Instructions for the task ▸ Find the line below with "6.注意:本服暴率已经提高,卧龙山庄的人" and the line with "Sie kaufen: 1". Output them and the lines between, exactly, but not the pictures.

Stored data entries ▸
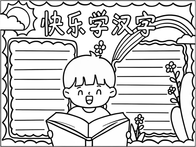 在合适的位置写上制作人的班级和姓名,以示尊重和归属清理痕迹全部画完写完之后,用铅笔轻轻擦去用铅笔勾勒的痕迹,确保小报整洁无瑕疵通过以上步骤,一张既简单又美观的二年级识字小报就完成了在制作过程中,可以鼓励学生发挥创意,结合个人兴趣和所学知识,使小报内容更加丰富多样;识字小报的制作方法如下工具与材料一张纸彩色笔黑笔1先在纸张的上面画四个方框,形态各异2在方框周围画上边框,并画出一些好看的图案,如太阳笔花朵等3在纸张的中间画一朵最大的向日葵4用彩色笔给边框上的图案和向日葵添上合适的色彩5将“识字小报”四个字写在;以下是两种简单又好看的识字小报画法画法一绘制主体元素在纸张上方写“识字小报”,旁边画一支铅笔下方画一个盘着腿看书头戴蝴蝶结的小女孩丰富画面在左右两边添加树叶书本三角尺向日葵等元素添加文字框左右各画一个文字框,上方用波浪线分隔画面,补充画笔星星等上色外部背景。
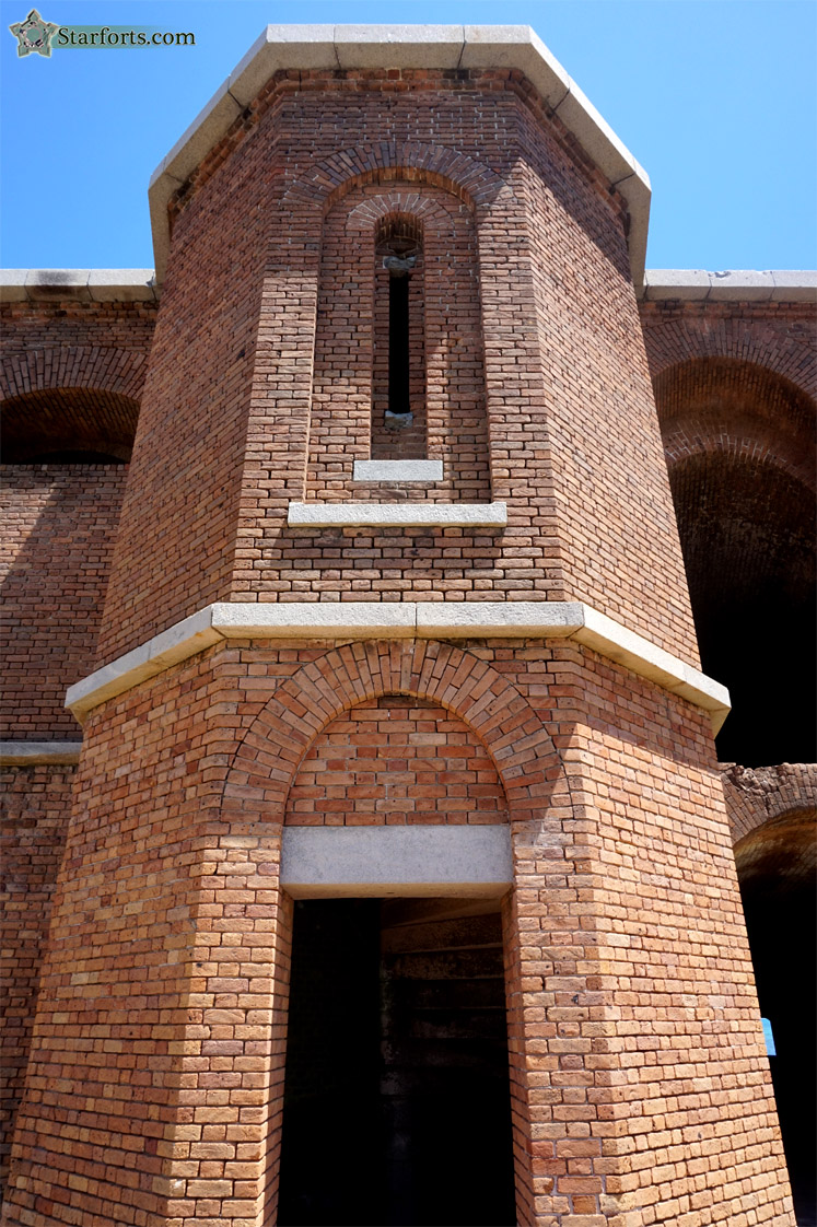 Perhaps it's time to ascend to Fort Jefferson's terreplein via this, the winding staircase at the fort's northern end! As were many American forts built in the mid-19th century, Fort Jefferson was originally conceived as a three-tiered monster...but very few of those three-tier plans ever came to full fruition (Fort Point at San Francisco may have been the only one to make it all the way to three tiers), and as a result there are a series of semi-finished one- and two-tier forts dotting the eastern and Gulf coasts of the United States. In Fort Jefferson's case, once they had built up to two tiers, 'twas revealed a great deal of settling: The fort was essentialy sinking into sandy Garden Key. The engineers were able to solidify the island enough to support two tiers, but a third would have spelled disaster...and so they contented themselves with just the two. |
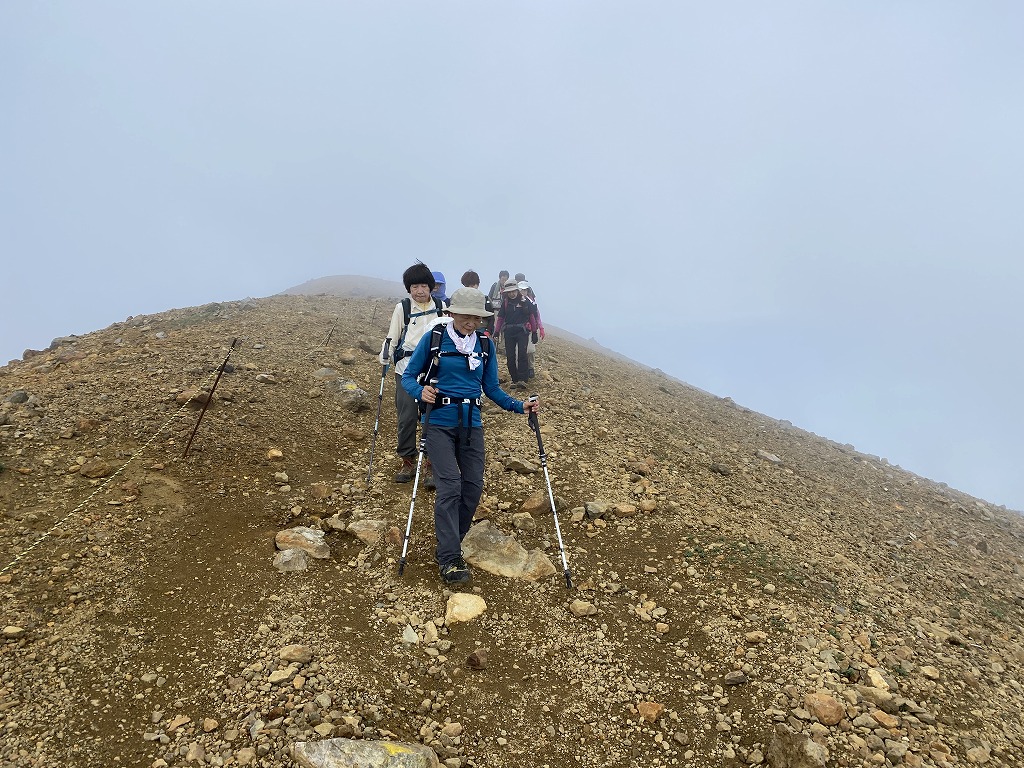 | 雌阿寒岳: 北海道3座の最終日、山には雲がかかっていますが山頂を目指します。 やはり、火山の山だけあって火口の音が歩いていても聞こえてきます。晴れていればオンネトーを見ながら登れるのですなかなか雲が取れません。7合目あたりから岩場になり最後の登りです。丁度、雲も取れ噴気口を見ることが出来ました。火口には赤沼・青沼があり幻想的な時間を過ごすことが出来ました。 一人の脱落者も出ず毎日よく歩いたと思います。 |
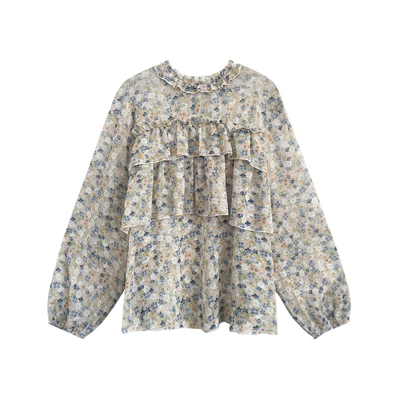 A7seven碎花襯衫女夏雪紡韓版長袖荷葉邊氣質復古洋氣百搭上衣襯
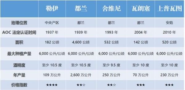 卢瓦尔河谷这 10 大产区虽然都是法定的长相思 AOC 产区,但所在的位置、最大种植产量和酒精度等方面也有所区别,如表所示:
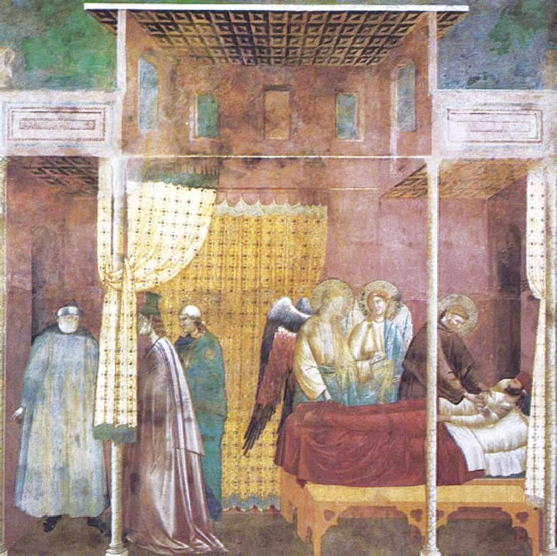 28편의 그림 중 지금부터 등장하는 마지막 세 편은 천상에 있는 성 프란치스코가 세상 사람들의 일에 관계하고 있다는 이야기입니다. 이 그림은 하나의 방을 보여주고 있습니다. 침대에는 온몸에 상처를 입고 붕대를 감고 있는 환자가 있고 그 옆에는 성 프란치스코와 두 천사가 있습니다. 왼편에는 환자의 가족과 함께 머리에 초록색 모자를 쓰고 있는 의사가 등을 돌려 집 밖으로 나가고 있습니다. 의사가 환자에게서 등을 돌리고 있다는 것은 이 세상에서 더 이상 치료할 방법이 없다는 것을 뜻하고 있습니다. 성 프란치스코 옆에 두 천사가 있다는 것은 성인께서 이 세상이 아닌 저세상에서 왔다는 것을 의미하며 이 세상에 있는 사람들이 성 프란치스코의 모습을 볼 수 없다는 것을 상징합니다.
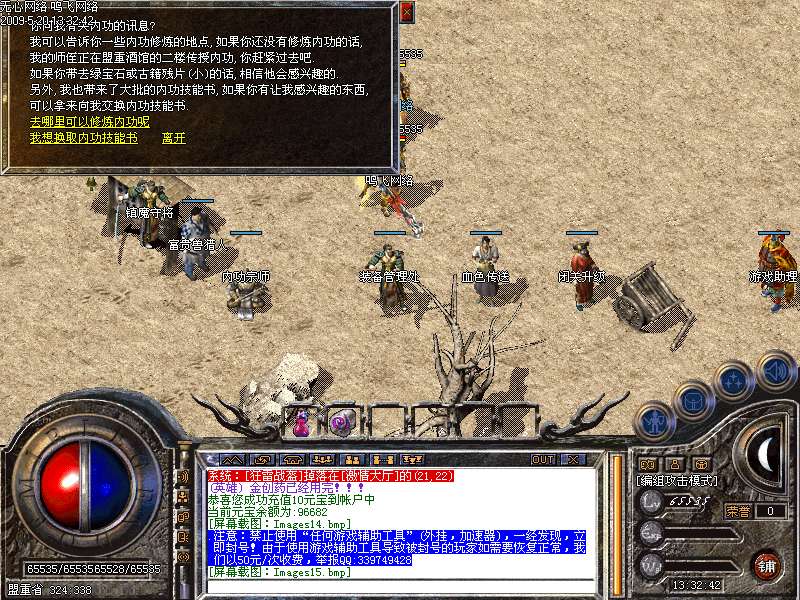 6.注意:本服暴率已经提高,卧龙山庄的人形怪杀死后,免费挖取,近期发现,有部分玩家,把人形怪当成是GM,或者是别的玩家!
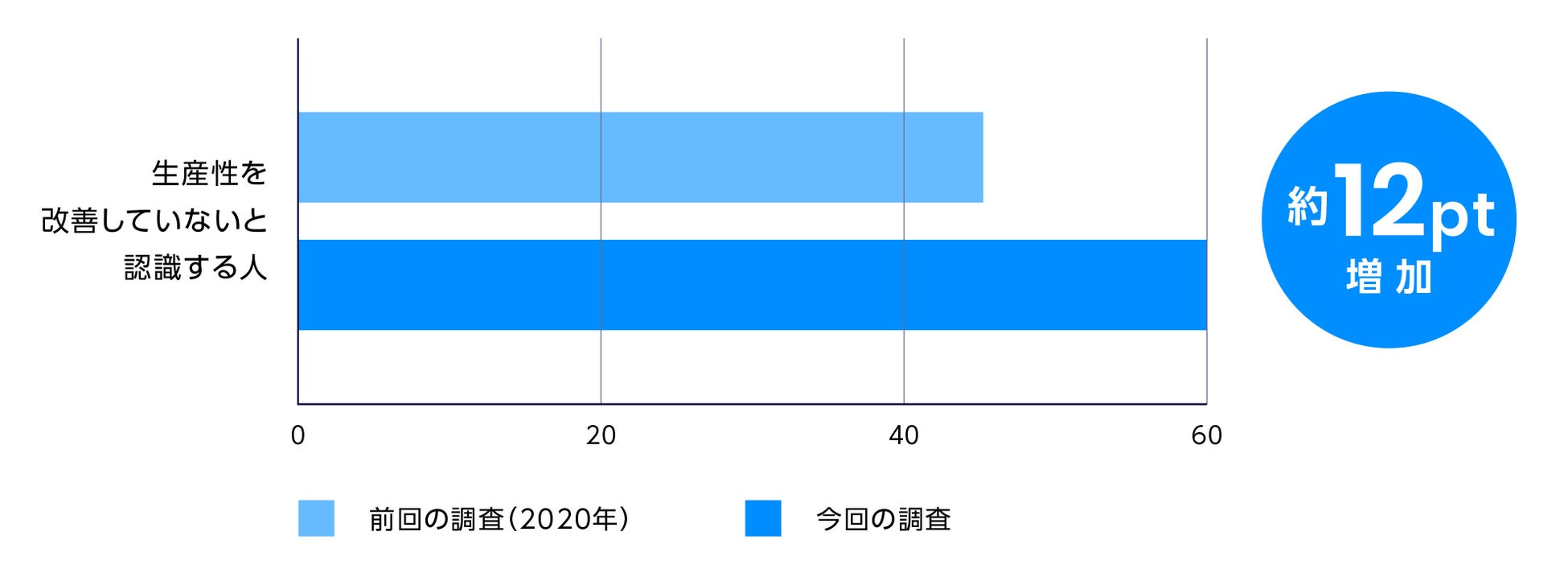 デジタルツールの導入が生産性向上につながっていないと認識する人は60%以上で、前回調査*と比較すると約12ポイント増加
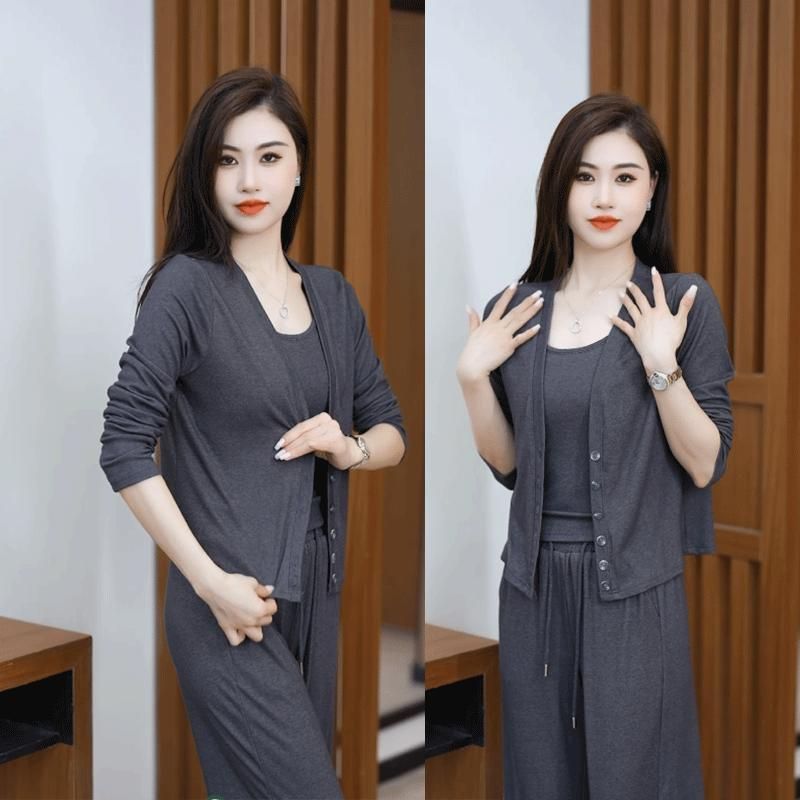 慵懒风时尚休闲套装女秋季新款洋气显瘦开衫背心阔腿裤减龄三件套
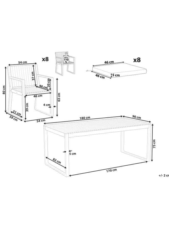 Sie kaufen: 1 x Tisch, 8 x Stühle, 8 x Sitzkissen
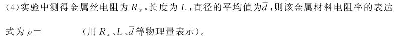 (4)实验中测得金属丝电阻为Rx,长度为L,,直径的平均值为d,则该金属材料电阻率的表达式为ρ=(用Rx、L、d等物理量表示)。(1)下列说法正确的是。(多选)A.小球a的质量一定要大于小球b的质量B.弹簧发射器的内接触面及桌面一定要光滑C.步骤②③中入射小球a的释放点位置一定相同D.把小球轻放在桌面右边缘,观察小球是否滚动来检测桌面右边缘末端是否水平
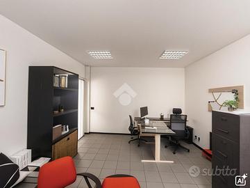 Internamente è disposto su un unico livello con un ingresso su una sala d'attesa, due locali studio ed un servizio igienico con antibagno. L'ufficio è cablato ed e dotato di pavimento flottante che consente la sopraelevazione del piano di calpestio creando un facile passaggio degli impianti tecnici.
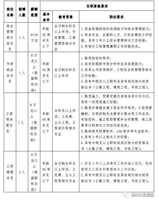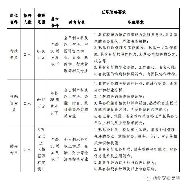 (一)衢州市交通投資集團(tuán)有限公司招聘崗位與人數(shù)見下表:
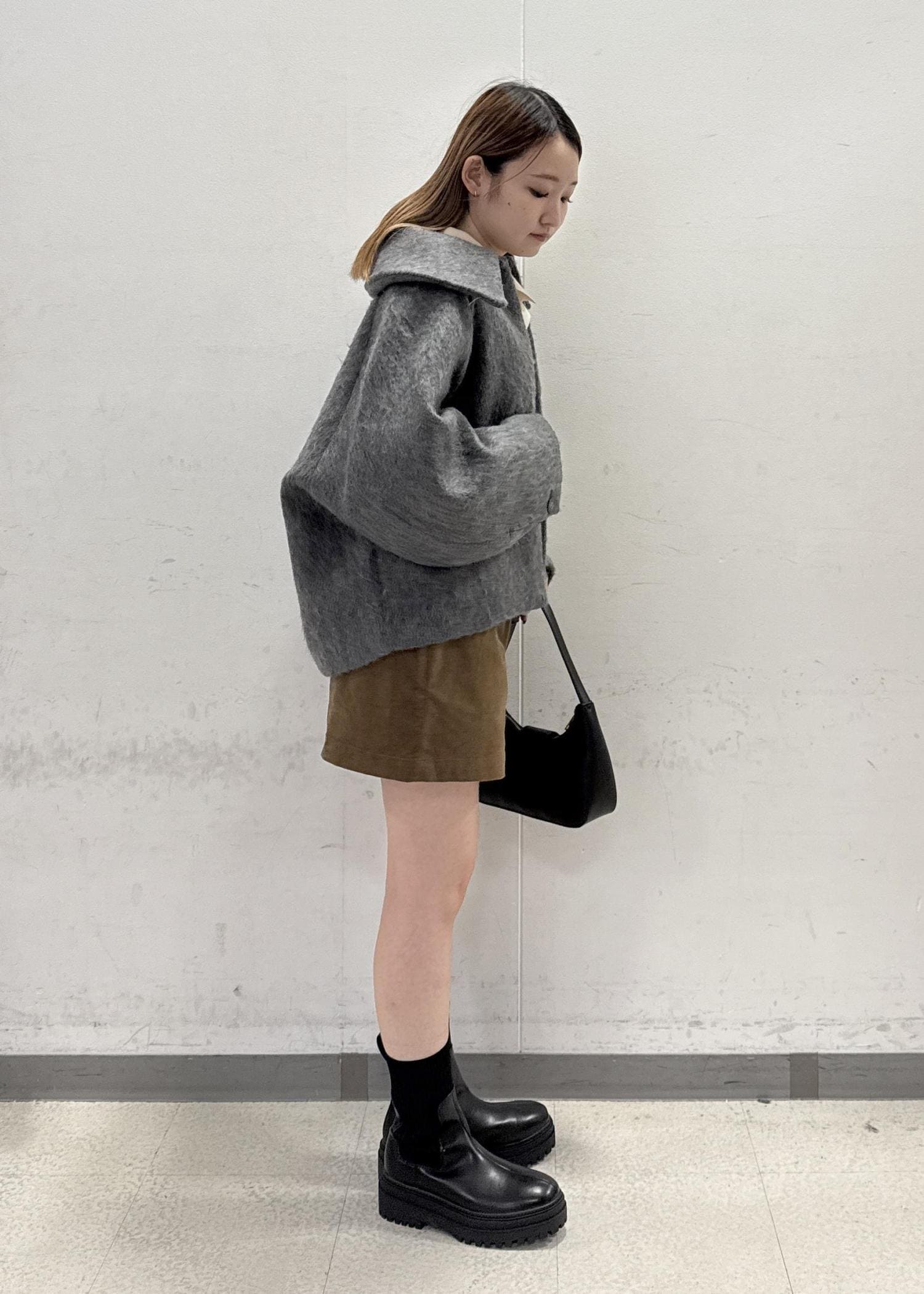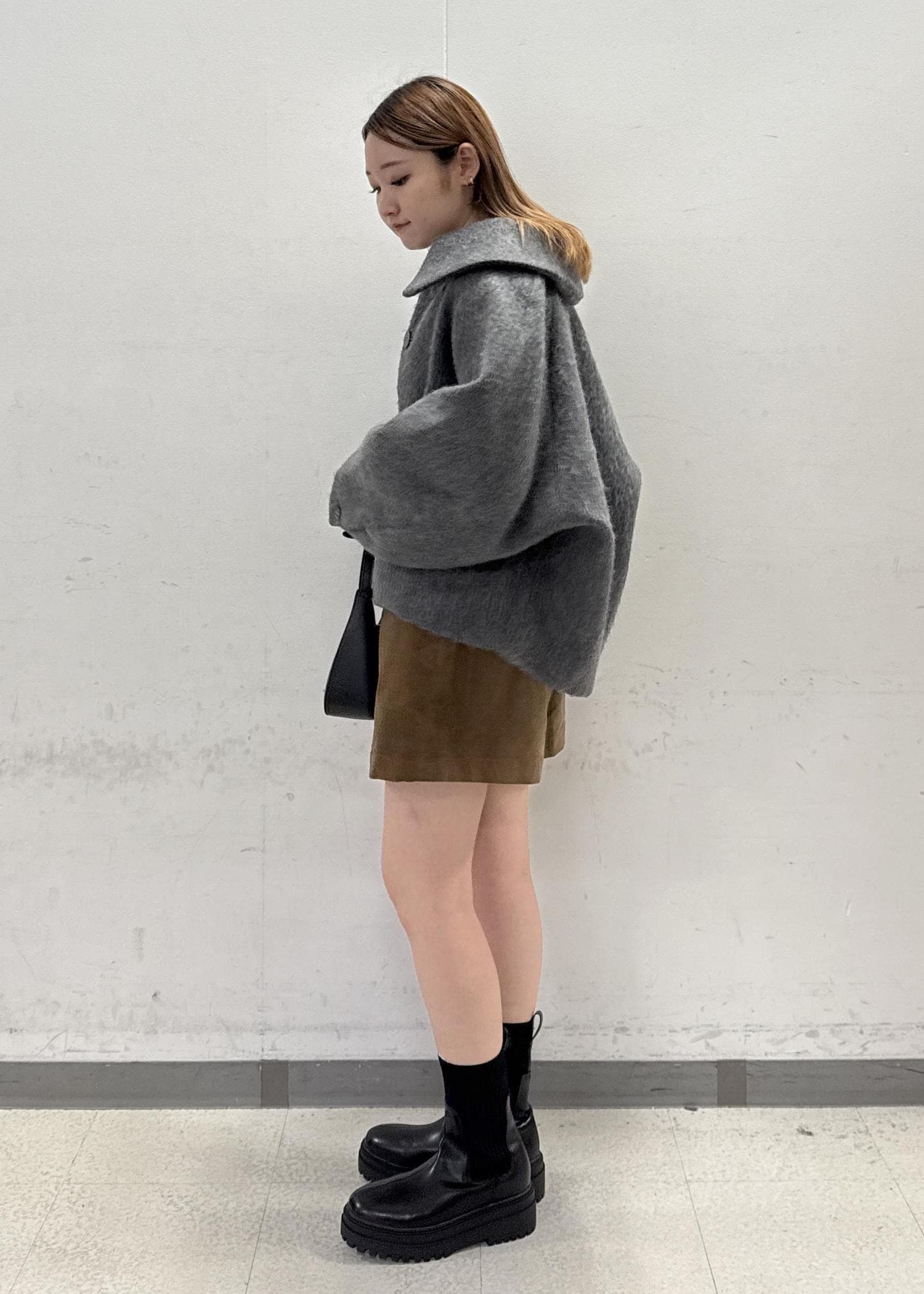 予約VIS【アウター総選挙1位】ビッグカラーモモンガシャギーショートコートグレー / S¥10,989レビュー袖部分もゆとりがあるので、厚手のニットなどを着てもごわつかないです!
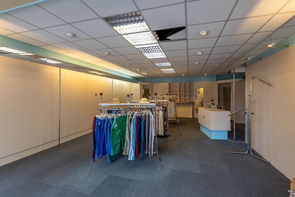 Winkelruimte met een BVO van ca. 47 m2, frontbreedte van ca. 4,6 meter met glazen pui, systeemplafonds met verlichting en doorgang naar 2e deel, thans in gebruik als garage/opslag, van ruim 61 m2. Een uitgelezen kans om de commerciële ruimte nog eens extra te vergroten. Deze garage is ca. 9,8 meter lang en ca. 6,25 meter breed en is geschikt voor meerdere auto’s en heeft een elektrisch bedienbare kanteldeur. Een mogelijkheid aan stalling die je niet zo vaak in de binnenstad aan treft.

Answer to the exercise ▸
 6.注意:本服暴率已经提高,卧龙山庄的人形怪杀死后,免费挖取,近期发现,有部分玩家,把人形怪当成是GM,或者是别的玩家!
 デジタルツールの導入が生産性向上につながっていないと認識する人は60%以上で、前回調査*と比較すると約12ポイント増加
 慵懒风时尚休闲套装女秋季新款洋气显瘦开衫背心阔腿裤减龄三件套
 Sie kaufen: 1 x Tisch, 8 x Stühle, 8 x Sitzkissen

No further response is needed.